Algebraic expressions are combinations of numbers, variables, and arithmetic operations like addition, subtraction, multiplication, and division. In the expression \(2(x-y)\), the number 2 is the constant or coefficient, while \(x\) and \(y\) are the variables.
The role of algebraic expressions is to represent mathematical relationships in a more abstract form. This allows for general solutions rather than specific numerical ones.
Unlike equations, which have an equals sign, expressions do not equate to anything; they are simply a combination of terms. Understanding algebraic expressions is crucial for solving mathematical problems efficiently.

Simplifying expressions involves applying mathematical rules to reduce an expression to its simplest form. This could mean combining like terms or using properties such as the distributive property.
When we simplify \(2(x-y)\) using the distributive property, we multiply each term inside the parentheses by the term outside, giving us \(2x - 2y\).
In this case, the simplified expression is already clean because no further like terms can be combined.
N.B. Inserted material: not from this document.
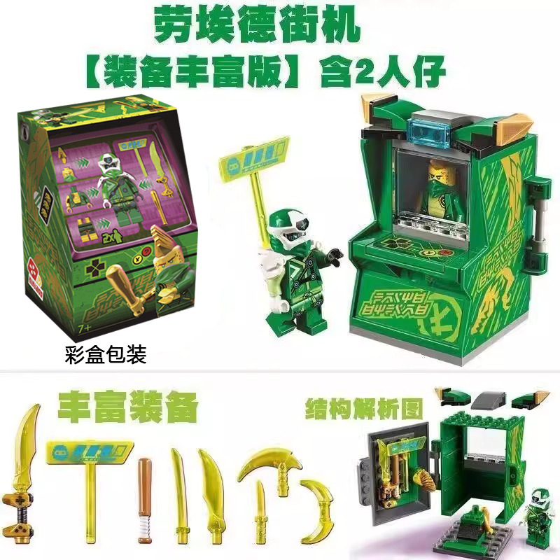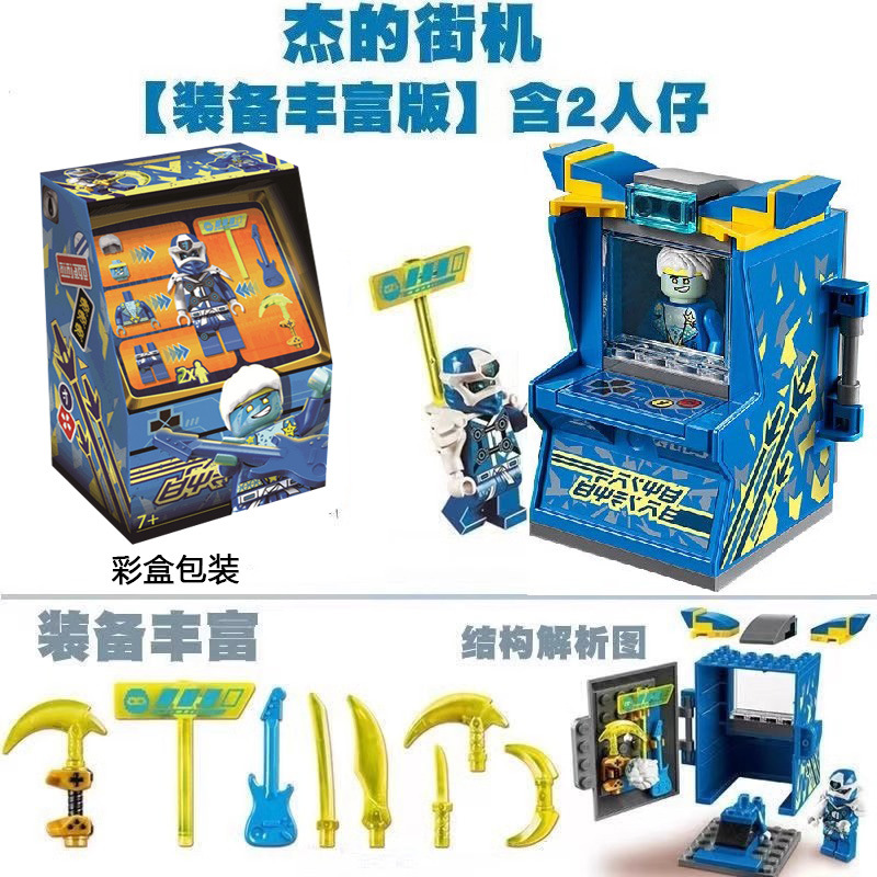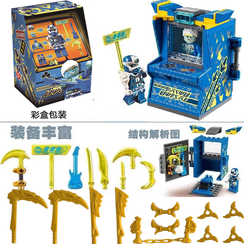 • 무기를 갖춘 Jie Arcade 미니피겨 2개 + 황금 무기 풀 세트

• Apply properties: Use the distributive property and other algebraic rules.
• Combine like terms: Terms that have the same variable and power.

Simplifying expressions makes them easier to understand and work with and is a fundamental skill in algebra.

Prealgebra sets the stage for all future algebraic learning. It covers basic arithmetic to more complex topics like fractions, decimals, and basic properties.
The distributive property is a critical prealgebra concept. It shows how multiplication interacts with addition or subtraction within an expression, giving \(a(b + c) = ab + ac\).

• Understand basics: Grasp simple operations and how they extend to variables.
• Properties of operations: Learn about commutative, associative, and distributive properties.

By mastering these prealgebra concepts, students can confidently approach more advanced topics in later studies. Concepts like the distributive property are not just rules to memorize. They are tools that assist in solving and simplifying expressions.